El diagnóstico no solo es claro: es obsceno. En Chile, la riqueza extrema no se tolera como un mal necesario, se celebra como virtud nacional. Mientras los pobres reciben limosnas estatales de $77.982 al año, una cifra que no alcanza ni para sobrevivir con dignidad, los grandes grupos económicos tienen al Estado como su cajero automático personal, sin clave ni límite de giro. La fortuna de Iris Fontbona y la familia Luksic, que en 2010 alcanzaba los $19 mil millones, no es fruto del genio empresarial ni del esfuerzo titánico, sino de un sistema diseñado para que el dinero público fluya hacia lo privado, como vino en copa de cristal.
El Grupo Luksic no es solo un conglomerado: es un imperio. Ópera en 128 países, con activos que rozan los $27 mil millones de dólares. Su expansión se cimentá en el cobre, ese mineral que debería ser la columna vertebral del desarrollo nacional, pero que termina siendo el motor de la acumulación privada. Antofagasta Minerals, uno de los diez mayores productores de cobre del mundo, es su joya de la corona. Y como todo buen imperio, no se conforma con extraer: también monopoliza.

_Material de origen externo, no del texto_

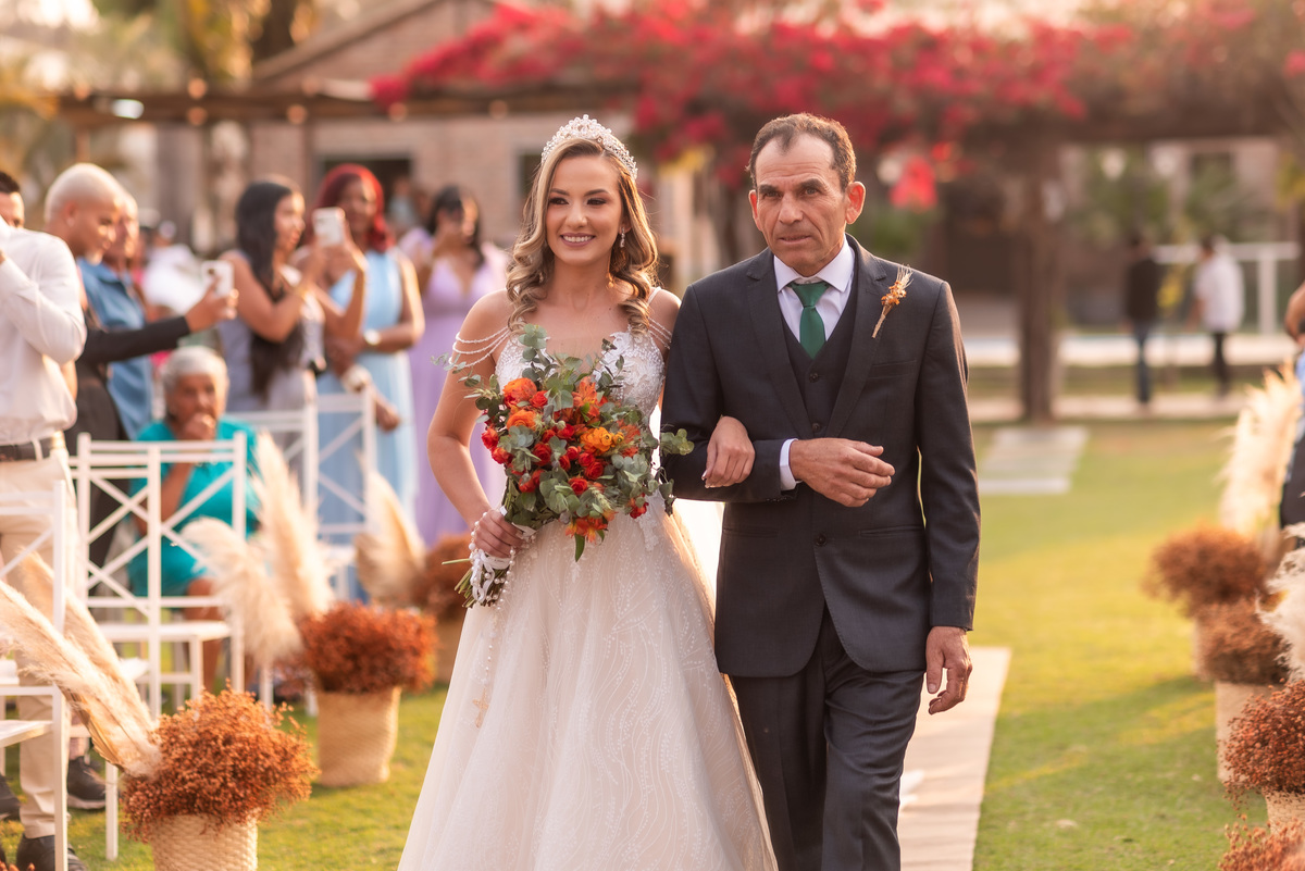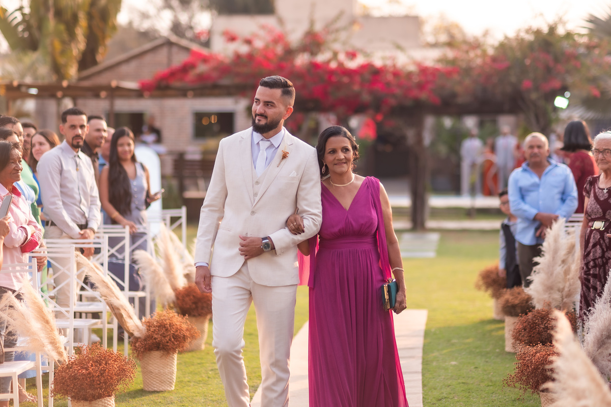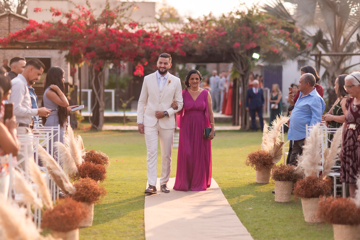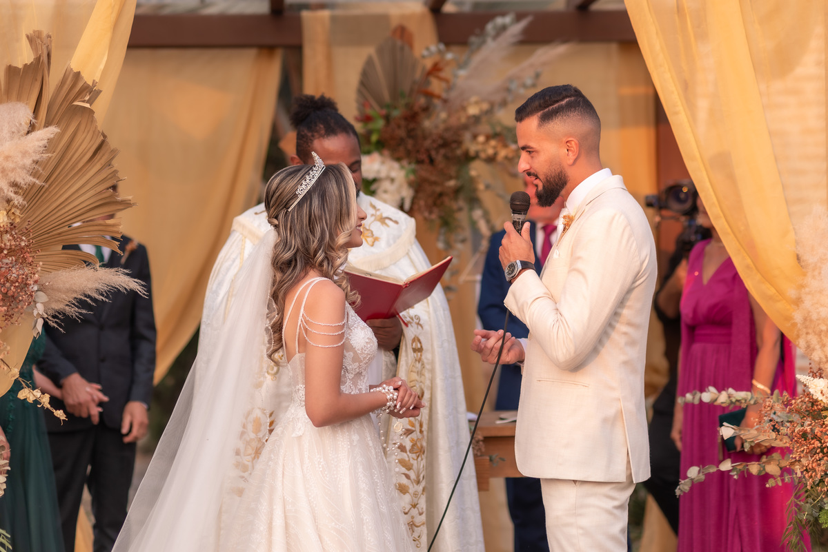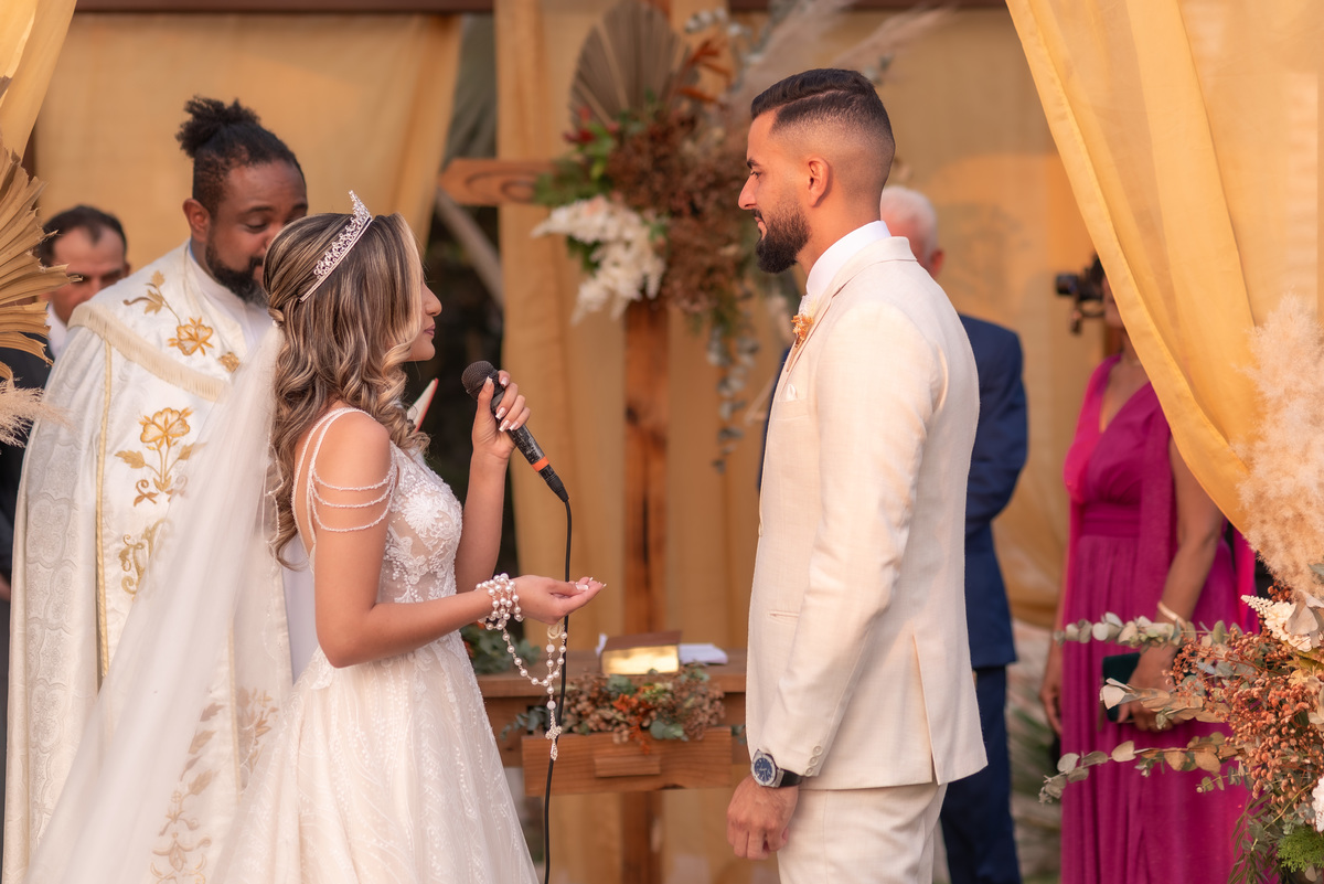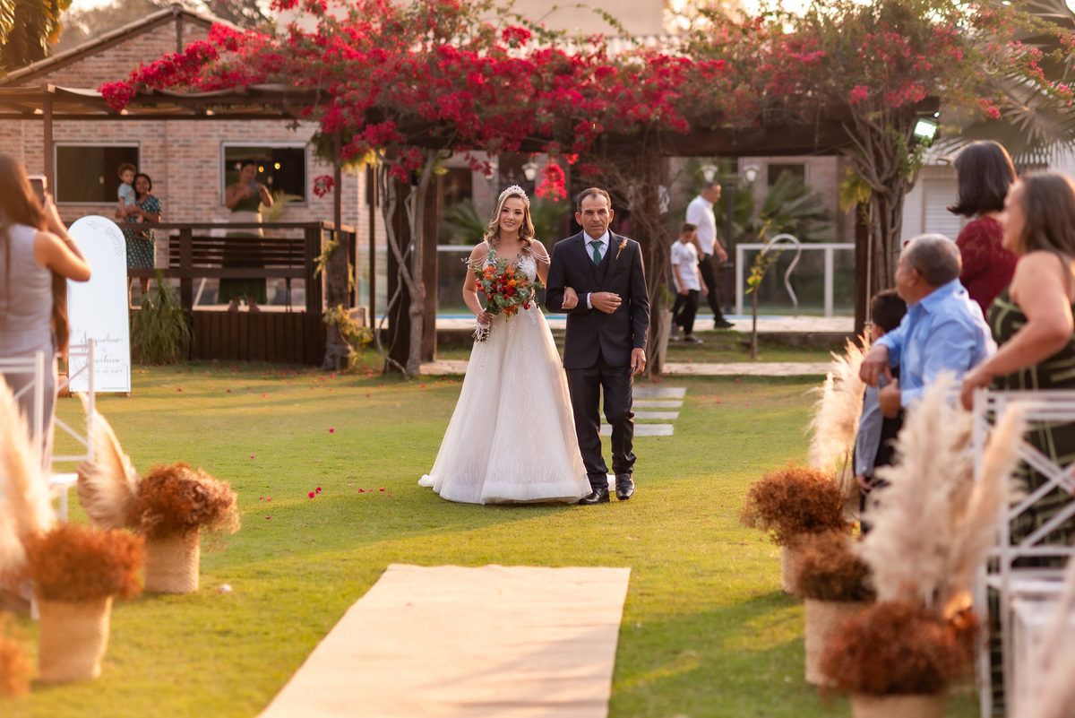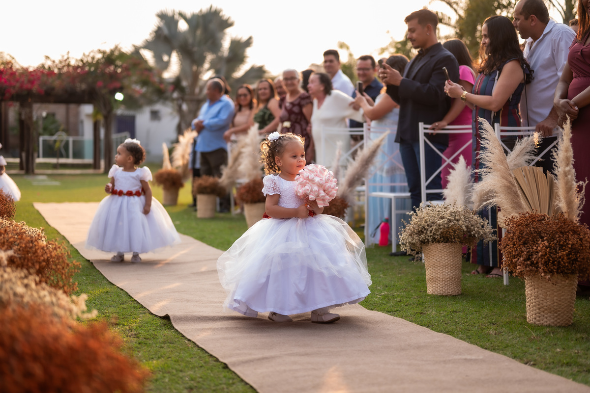 A cerimônia contou com a presença de amigos e familiares, criando um clima de emoção e felicidade do início ao fim. O pôr do sol no Espaço Araújo deu um toque mágico às fotos do casal, que aproveitaram todos os cantinhos do local para registrar esse momento especial.

Manuel Riesco lo dice sin anestesia: los rentistas tradicionales, dueños de recursos naturales, son parásitos. No innovan, no arriesgan, no crean. Solo se aferran a su posición monopolista como garrapatas al cuero. En Chile, dos o tres empresas controlan casi todos los mercados. ¿Regulación? Una palabra que suena a insulto en los directorios. El Grupo Luksic controla el Banco de Chile, el segundo más grande del país, y la CCU, ese monopolio cervecero que hace que hasta el brindis tenga dueño. Y como si fuera poco, compraron Shell por más de $1.000 millones, convirtiéndose en el segundo actor del mercado de combustibles. ¿Diversificación? No. Es colonización.
Pero el verdadero arte del saqueo está en el robo institucionalizado. Subsidios agrícolas diseñados para pequeños agricultores terminan regando viñas de lujo en San Pedro-Tarapacá, mientras en Petorca la gente se lava con lágrimas. Minera Los Pelambres firma convenios hídricos con juntas de vigilancia, pero las obras las paga el Estado. Y la Fundación Luksic, esa vitrina de filantropía, ejecuta programas con plata ajena, mientras recibe aplausos por su generosidad. Es como robarle el pan al vecino y luego invitarlo a comer migas.
La complicidad política no es un accidente: es una estrategia. Desde el Golpe militar, los grupos económicos han tenido asiento reservado en La Moneda. Guillermo Luksic presidió el Comité Empresarial Chileno-Francés, encargado de desarrollar la investigación nuclear en Chile. ¿Quién necesita ministerios cuando se tiene consorcios? René Cortázar, exministro, aterrizó en Canal 13 justo cuando se discutía la ley de Televisión Digital. ¿Conflicto de interés? Hasta la UDI se sonrojó. Y el Caso Lucchetti, donde Andrónico Luksic habría pagado $2 millones a Vladimiro Montesinos en cajas de cartón con dinero y vino chileno, es el epítome del tráfico de influencias con denominación de origen.
El blindaje mediático es la guinda del pastel plutocrático. Canal 13, con dos tercios en manos del grupo, dejó de ser un medio y se convirtió en un muro. Los conflictos ambientales desaparecen del radar, reemplazados por reality shows y concursos que anestesian la conciencia colectiva. Los despidos masivos tras la compra, pese a los sacrificios previos de los trabajadores, revelan un modelo de gestión que prioriza lo freak, lo policial y lo emprendedor, mientras se silencia lo estructural, lo injusto, lo urgente.
Este sistema no es solo injusto: es una vergüenza institucionalizada. La plutocracia engorda con recursos fiscales, mientras los medios y autoridades que aplauden esta filantropía con fondos ajenos son cómplices activos del saqueo. Y lo peor: lo hacen con una sonrisa, como si robar fuera un acto de patriotismo.